まずは、PR・Web編集者の塩谷舞さん。PARTNERに掲載の「もうバズらせることに疲れたよ」は実に痛快、そしてシビれた一本でした。

こういうことをちゃんと書ける(そして読ませる!)のは刺激されますし、めちゃくちゃ影響も受けています。インターネット大好きで、だからこそさまざまに戦っている塩谷さんは、どんな記事が印象に残っているのかをぜひ教えてもらえたら嬉しいです。

次に、現在はBuzzFeed Japanの嘉島唯さん。メディアや個人のnoteで見せる鋭い分析眼と論考はいつもうならされます。

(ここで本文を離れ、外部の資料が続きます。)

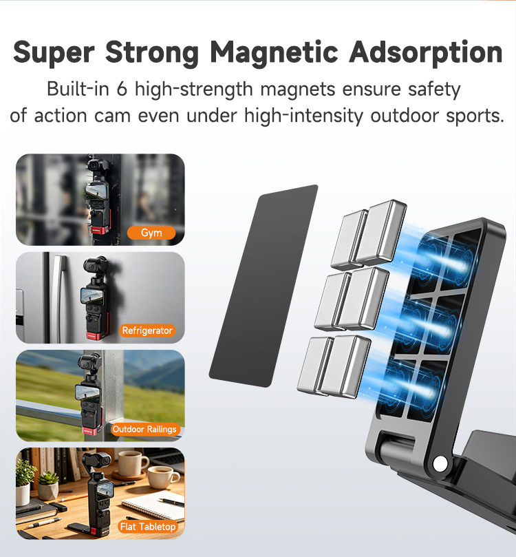 - Super Strong Magnetic Adsorption. Built-in 6 high-strength magnets ensure safety of action cam even under high-intensity outdoor sports.

メディアビジネスへの熱いハートもあり、お互いにメディアジーン時代に夜な夜なオフィスであーでもないこーでもないと話していたのもあって、勝手に戦友感を抱いています。日頃のどんな記事が多感な彼女に刺さっているのかを聞いてみたいところ。

最後に、「届いたらいいな!」という気持ちを込めて、デイリーポータルZ編集長の林雄司さん。説明は不要で「天才」のひと言に尽きると思うのですが、そもそも普段からウェブコンテンツの記事をお読みになるのか、そして林さんの記憶にどんなコンテンツが残っているのかを伺えたら万歳だなと。

お三方、突然のフリで申し訳ありません。もし興味があれば、ご自身のブログなどで執筆いただけたら嬉しいです(僕みたいな長文でなくても、もちろん構いません)。ぜひご検討くださいませ!

それから、この企画は自主的な参加も大歓迎です。ブロガーのみなさまであれば日々の記事更新のネタとして、編集者・ライターの方なら一年を振り返るきっかけとして、乗っかってくださったらと思います。